Taylor Robinson, MPP Class of 2021

As a part of Harris Public Policy’s celebration of Black History Month, we asked members of the Harris community to share their perspective on Black History Month and the importance of Black voices in public policy. These are their opinions and perspectives, informed by their own life experiences and worldviews (and do not necessarily reflect the views of Harris).

Growing up, Black History Month always felt strange: to just begin and end a celebration of my blackness with the beginning and end of February. It was an awkward time where my white teachers suddenly and apprehensively shared information about Black scientists, scholars, and activists. As a young girl, it was disheartening to recognize that my history, my stories, my livelihood only seemed to matter in the month of February. It was unsettling to think that my classmates and I only got a repetitive and brief overview of Black History, usually only starting with slavery and ending with the civil rights movement.

This year, as I prepare to end my decades-long educational career, I took some time to reflect on the importance of Black voices in higher education. As a Black woman attending a predominantly white institution, situated in the South Side of Chicago nonetheless, I have come to understand that it is imperative for Black voices to be not only included but uplifted within higher education.

In 2020, the untimely and unjustified death of George Floyd was a catalyzing moment across all sectors, particularly in higher education, when administrators grappled with the question: how do we support students at this time? Unfortunately, the question was not timely enough. How is it possible to go from Black students who feel largely voiceless, unrepresented, and excluded to feeling bolstered by the university administration that doesn’t consider the unique challenges that disproportionately impact Black students? More directly, why should Black students carry out the work of making institutions a better place when those institutions don’t always have their best interests in mind?
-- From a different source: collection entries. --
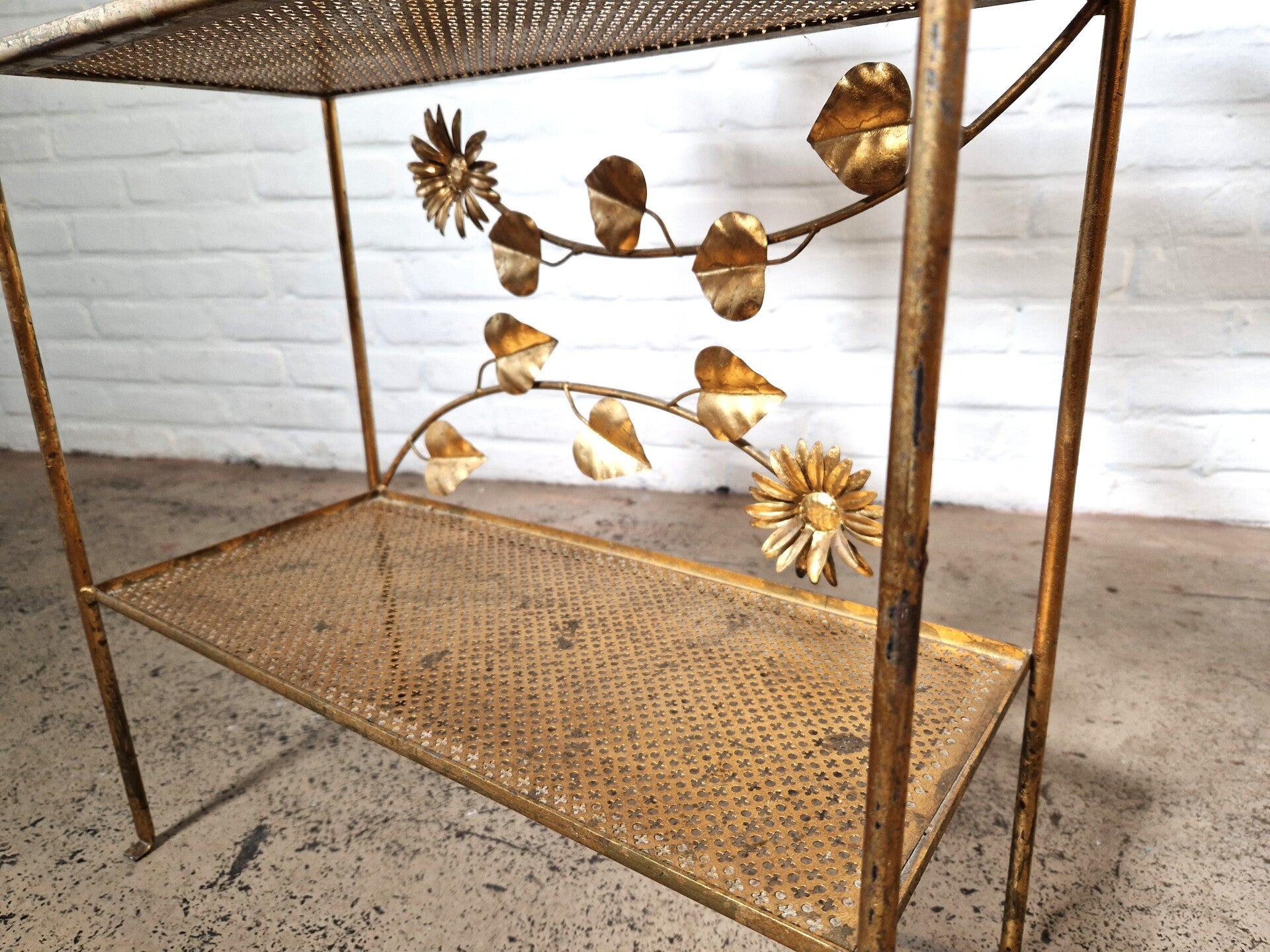 Fantastic looking French etagère with three tiers, a great patina on the gilded metal and floral decorations that just pop out in a very nice way. Made in the 1950s.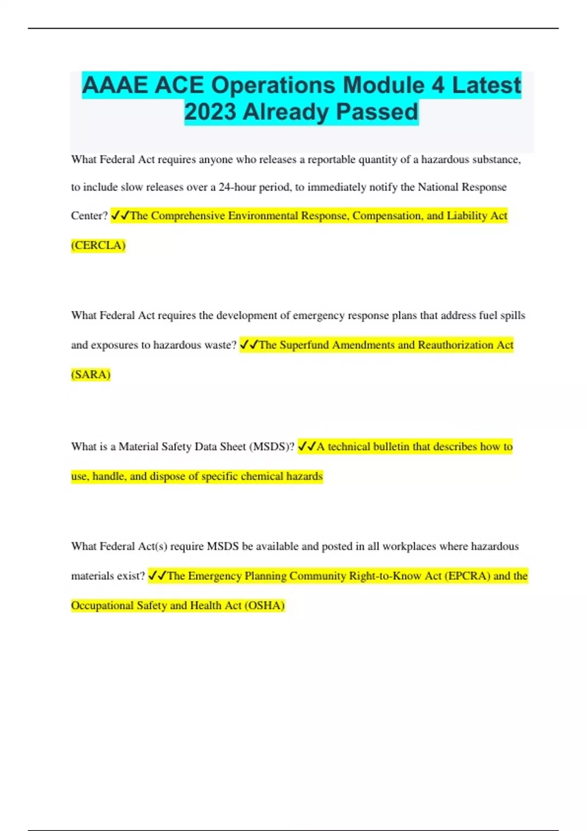 AAAE ACE Operations Module 4 Latest 2023 Already Passed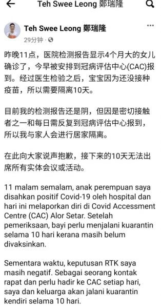 他今日在官方脸书分享贴文说,他是于昨晚11时,接到女儿的冠病检测报告证实确诊,并于今早被安排到冠病评估中心(CAC)报到。

Now is the time for higher education institutions to create meaningful and systemic change to allow for a greater and more impactful sense of diversity and inclusion to arise, starting with centering Black voices. Black History Month is the time to celebrate all the brilliance, resilience, and vision of Black people, with the intent to keep the conversations going throughout the rest of the year. Black lives, stories, joy, and history matters all year long. My hope is that there is a continuing presence of Black voices and dedication from allies to ensure racial equity is realized.

About Taylor R. Robinson, MPP Class of 2021

Taylor Robinson is an MPP candidate at the Harris School of Public Policy, graduating this June. Her interests lie at the intersection of social and educational policy. She hopes to use her policy analysis and theoretical skills to address racism within institutions. Particularly by strategizing to implement equitable policies and interventions that will disrupt systemic and structural barriers existing for many marginalized populations. Alongside classes, she is the President of the Harris Student Organization Minorities in Public Policy Studies (MiPPS) for the academic year. In that role, she works to sustain relationships between current students and MiPPS alumni. She is also a part of the Southside Housing Data Initiative (SSHDI), where she does research and community outreach to compile reports of a few different South Side neighborhoods, including Woodlawn, Washington Park, and most recently, South Shore. 

Aside from school, Taylor is an intern at The Chicago Community Trust where she works on projects and initiatives centered around reducing the racial and ethnic wealth gap in the Chicago region. In her free time, she likes to read, bake, and take her dog, Willow, on long walks. The views of the author are solely hers and do not belong to any employers past or present.